Roman leaned back in his chair and studied his mother. “What makes you think she is hiding something?”

“Everything about her,” his mother replied.

She crossed the room and stopped by the window, her back to him.

“The way she speaks. The way she answers questions. The way she looks at that baby. I asked her about her background. She gave me only vague answers. When I pressed her, she changed the subject entirely.”

“Perhaps she is simply a private person,” Roman suggested.

“Or perhaps she is lying.”

Roman stayed silent. He had thought the same thing more than once over the past five days.

Yet he had also watched Miss Hartley with Liliana.

He had seen the way the baby reached for her instantly, the way she held her with such natural confidence, the way the child seemed to calm the moment she was in Miss Hartley’s arms.

“If she is lying,” Roman said carefully, “she is doing an excellent job of caring for the child while she does it.”

His mother turned around to face him. “The baby needs to be sent away.”

“No.”

“The scandal is growing worse by the day, Roman. Every newspaper in London is writing about it. People are talking. People are whispering. Do you know what they are saying?”

“I can guess.”

“They are saying the baby is yours,” his mother continued, her voice rising.

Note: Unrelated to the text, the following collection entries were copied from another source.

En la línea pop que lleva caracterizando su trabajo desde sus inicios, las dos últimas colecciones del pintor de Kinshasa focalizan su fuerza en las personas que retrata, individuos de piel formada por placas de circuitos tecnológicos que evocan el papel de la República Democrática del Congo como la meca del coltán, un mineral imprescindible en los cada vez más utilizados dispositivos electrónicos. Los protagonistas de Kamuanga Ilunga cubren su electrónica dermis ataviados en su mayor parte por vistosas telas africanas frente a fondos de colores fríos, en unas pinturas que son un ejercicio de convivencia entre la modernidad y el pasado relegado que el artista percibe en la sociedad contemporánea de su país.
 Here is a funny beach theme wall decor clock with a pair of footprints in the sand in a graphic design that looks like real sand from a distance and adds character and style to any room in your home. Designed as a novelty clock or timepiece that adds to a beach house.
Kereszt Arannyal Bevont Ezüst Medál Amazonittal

“They are saying you fathered an illegitimate child and the mother left her on your doorstep because you refused to acknowledge her. They are saying you are hiding the truth to protect your reputation.” She took a sharp breath.

“They are destroying this family’s name, and you are letting them do it. ”

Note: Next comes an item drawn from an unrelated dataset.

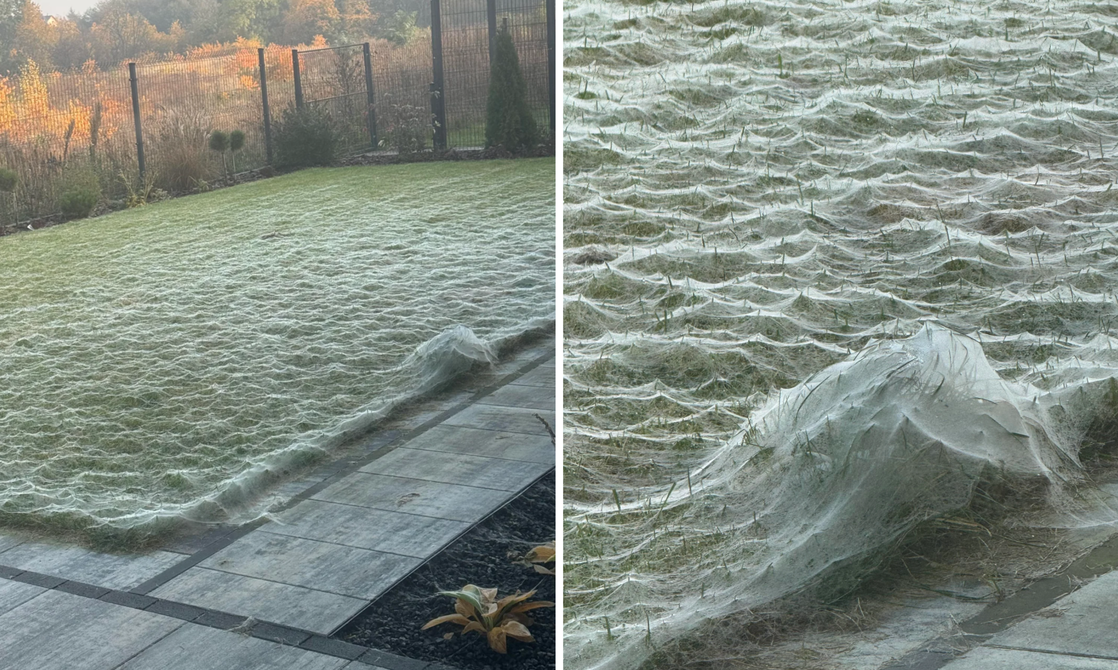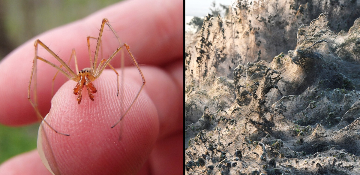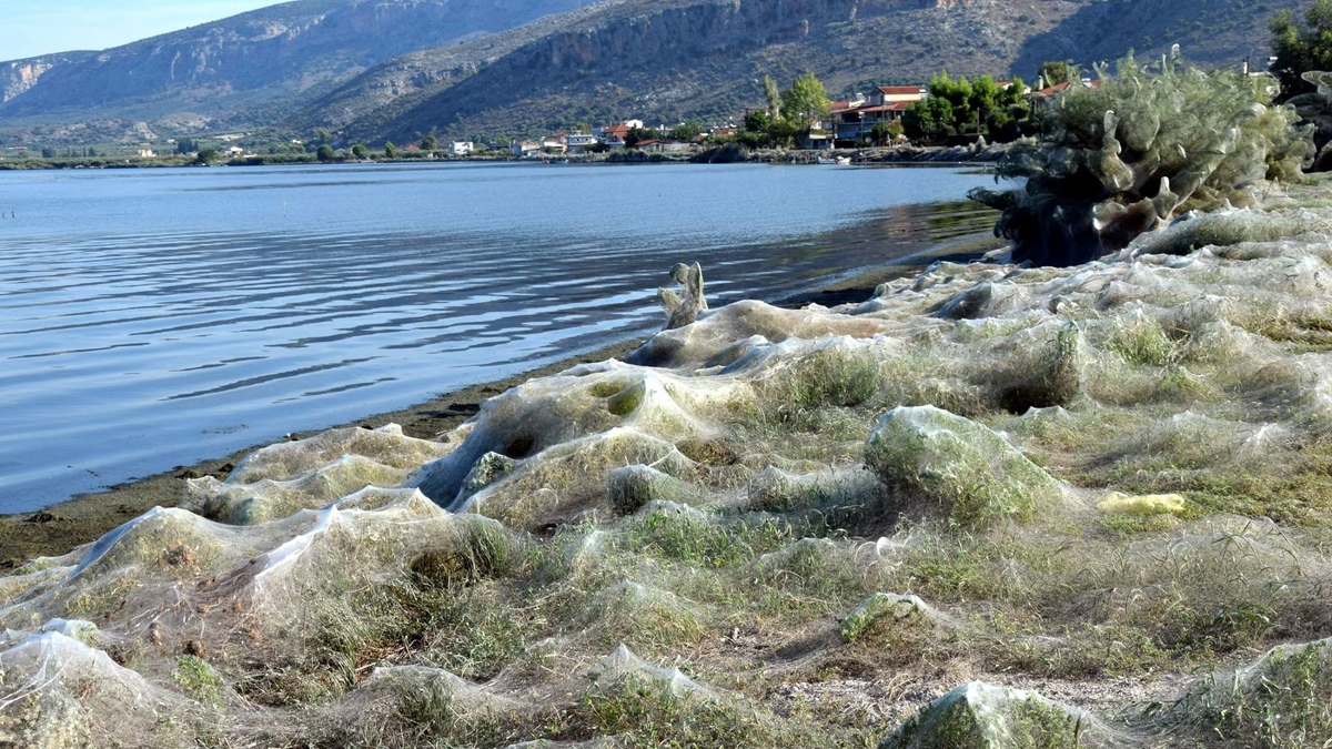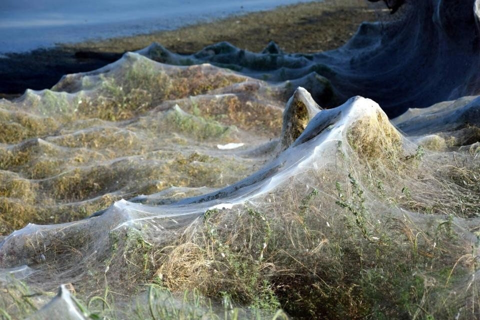 Плюс этот сезон совпал с периодом размножения, так что пауки устроили настоящую вакханалию. Они плели кучу сетей, запутывая всё вокруг, ели и спаривались. Там же выводился молодняк, который плёл уже свои сети. Из-за этого сотни метров прибрежной зоны оказались густо запутанные паутиной, будто бы декорациями к ужастикам.

Roman stood up. He had not meant to rise so quickly, but the words came out before he could stop them.

“The child stays.”

“Roman—”

“The child stays until I know where she came from and who sent her here. I will not send an innocent infant to an orphanage just because of gossip. I will not be that kind of man.”

His mother stared at him. Her face had gone pale. Her hands were clenched tightly at her sides, and her gray eyes were bright with something that looked very much like fear.

“You may not like the answer,” she said quietly, “when you finally discover where she came from. You may not like it at all.”

Roman went very still. “What does that mean?”